Brother ImageCenter ADS-2000 Specs

Automatic Document Feeder: Yes
Ethernet Interface: No
Flatbed: No
Maximum Optical Resolution: 600 pixels
Maximum Scan Area: Legal
Mechanical Resolution: 600 pixels
One-Touch Buttons: Yes
Scanning Options: Reflective
USB or FireWire Interface: USB

Although Brother has a long history of building scanners into its multifunction printers, the ImageCenter ADS-2000 SEE IT is the company's first foray into the desktop single-function scanner arena. It offers good OCR capabilities and some nifty features—such as the ability to scan to USB thumb drives— for a scanner in its price range. In our testing, it proved somewhat sluggish, particularly at default scan settings, for its rated speed.
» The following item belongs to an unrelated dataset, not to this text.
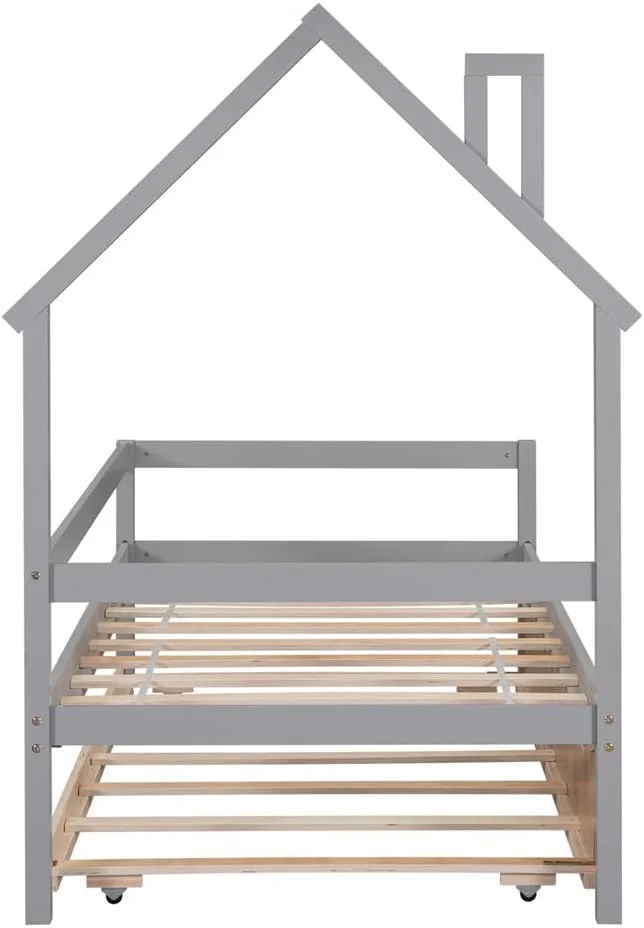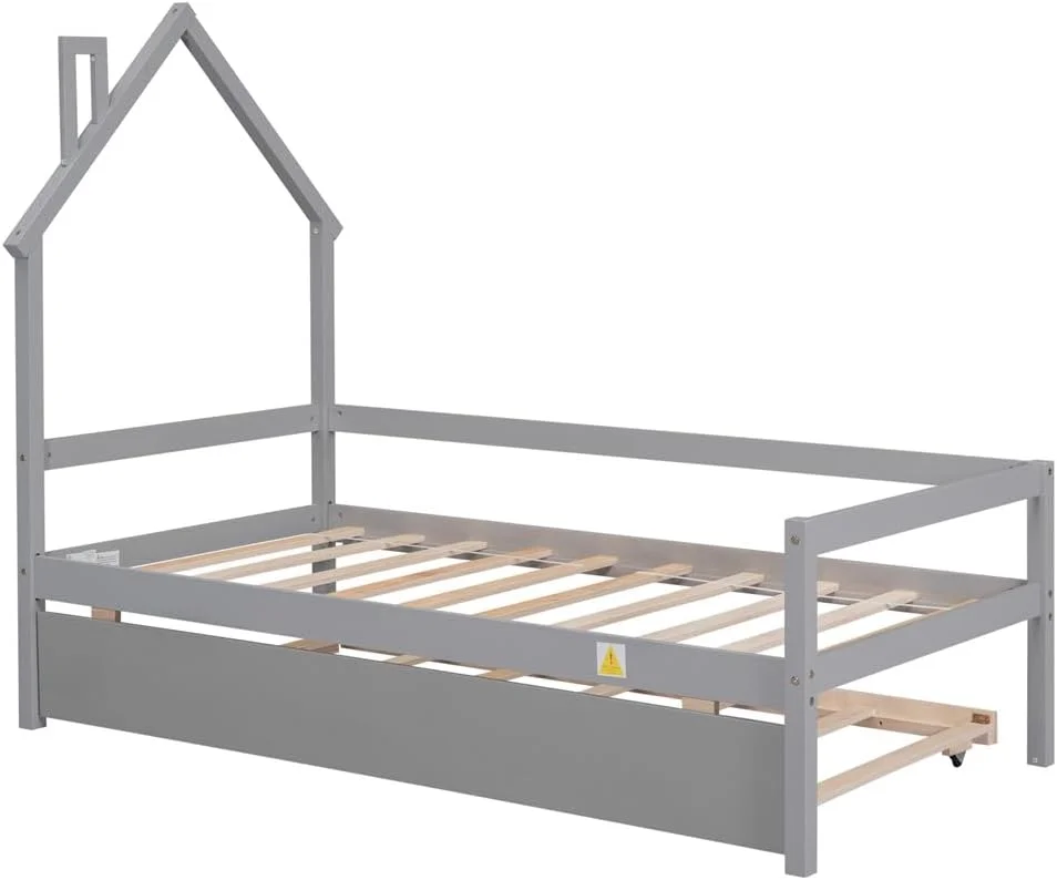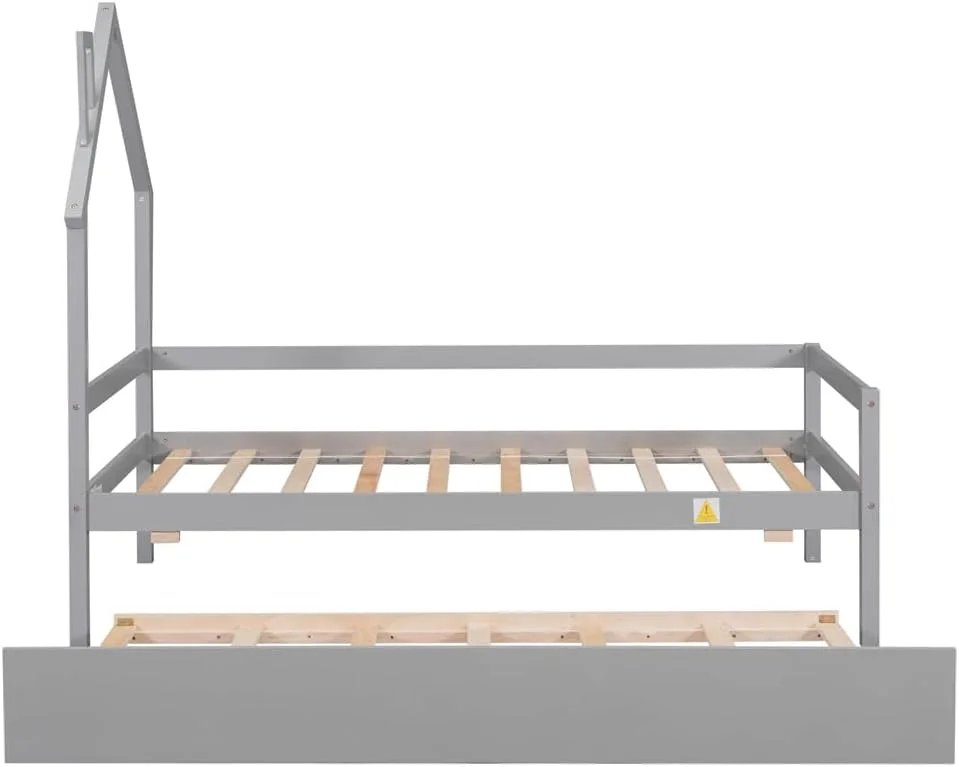 AFI Twin Daybed with Twin Trundle Roll Out Guest Bed in Solid Wood Cambridge Design, Grey

The ADS-2000 is a duplex scanner with a 50-sheet automatic document feeder (ADF). It measures 11.8 by 8.7 inches (WD) when closed, and weighs 7.7 pounds. It has a straight-through paper path from the ADF into the output tray. It supports the scanning of business cards as well as plastic cards.

As is the case with most document scanners, the ADS-2000's optical resolution is up to 600 ppi. The default resolution for scanning to file (PDF) is 300 ppi, which should be more than enough for most business documents.

An uncommon feature of the ADS-2000 is the ability to scan to USB keys, as well as to Android phones (though only over a cable). Other interesting features are 2-in-1 scanning (stitching 2 documents together into a ledger-sized scanned document) and continuous scanning (the ability to scan documents longer than the ADF's 50-page maximum).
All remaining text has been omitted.